HIV Disease Progression in the Gut


The human gut harbors an enormously diverse community of microorganisms collectively referred to as the “microbiome”.  This microbiome has co-evolved with humans over half a billion years to assist in critical host metabolic and immune function. The impact of changes in the microbiome on disease states as diverse as diabetes, obesity, inflammatory bowel disease, epilepsy, and multiple sclerosis is only now being recognized.  It is clear that human immunodeficiency virus (HIV) infection has profound effects on the intestinal mucosal environment with one of the hallmarks of HIV infection being a rapid and profound depletion of CD4+ T cells within gut associated lymphoid tissue (GALT). Despite this, there is a paucity of information regarding the changes that occur in the intestinal microbiota in HIV infection and the potential effects of these changes on host immunity and HIV disease progression. It is believed that HIV infection results in intestinal inflammation and increased intestinal mucosal permeability with subsequent translocation of luminal microbial products into the systemic circulation. This microbial translocation drives chronic immune activation, which results in T cell exhaustion and HIV disease progression. The mechanism by which HIV induces intestinal epithelial dysfunction and microbial translocation remains incompletely understood. Even less is known about how gut microbial populations may influence, or be influenced by this process. Still, it has been shown that enteric microbiota in humans and nonhuman primates can be significantly altered early in infection by lentiviral-mediated disease. Abnormal microbiota are strongly associated with intestinal inflammation in inflammatory bowel disorders with data suggesting a causal role in gut inflammation. This suggests that the microbiome may play a direct role in mediating intestinal dysfunction. It is therefore critical to develop a more detailed understanding of the impact of alterations in the intestinal microbiome on HIV-associated intestinal dysfunction and disease progression.

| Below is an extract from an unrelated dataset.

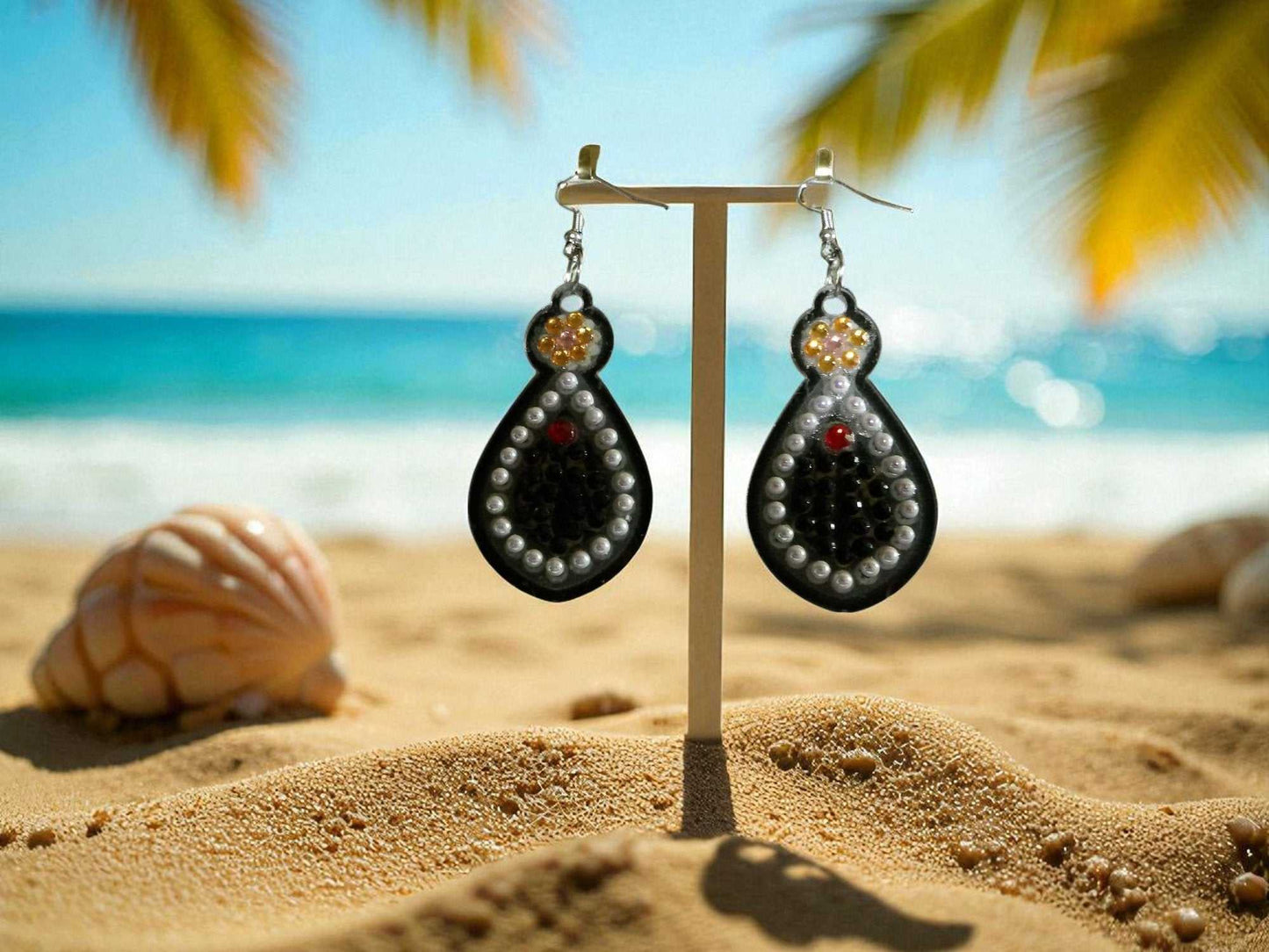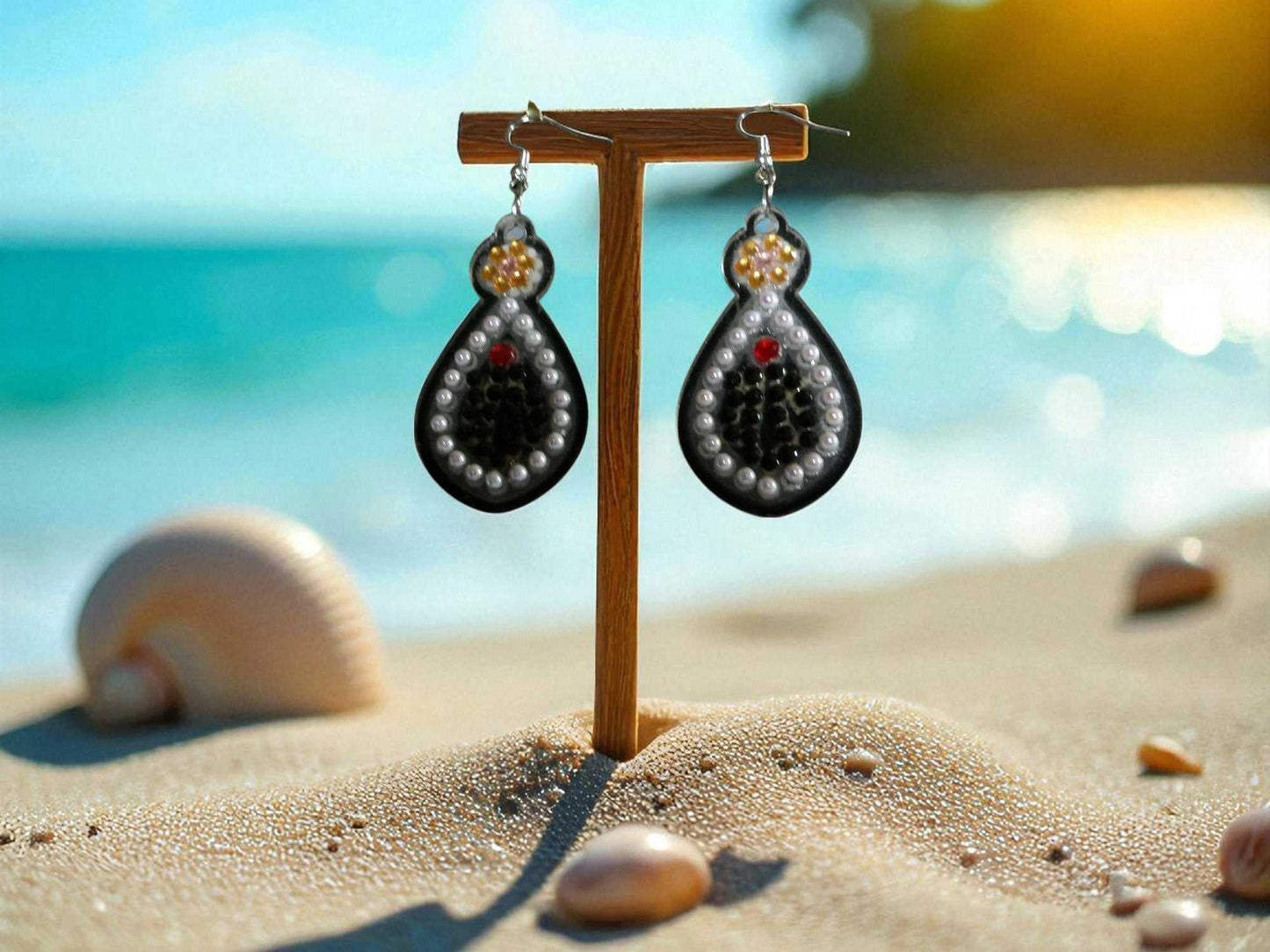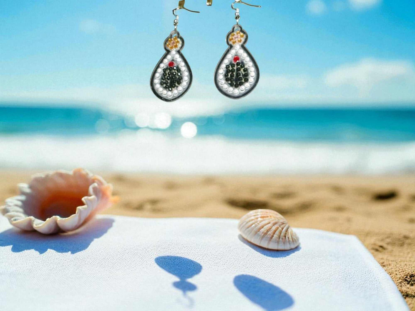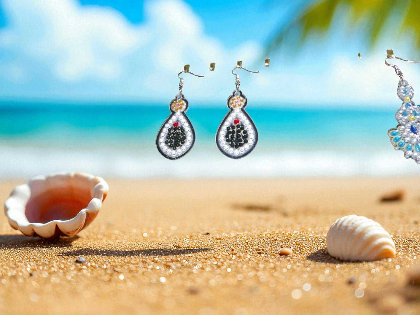 White and red Santa Clause keychain hanging from a wooden surface with a blurred ocean background

The GI tract is a major site of HIV-1 replication and immunopathology, and is thought to contribute to persistence of infection as well as HIV-related morbidity and mortality. Our team aims to understand how HIV-related defects in vitamin A metabolism and intestinal epithelial homeostasis may contribute to immune dysfunction and disease progression. Using peripheral and tissue samples from a unique cohort of HIV-infected individuals, we analyze biomarkers and cell populations by multicolor flow cytometry, RNA-sequencing, and immunohistochemistry. In vitro models are adapted to mechanistically dissect ex vivo observations from our human cohort studies.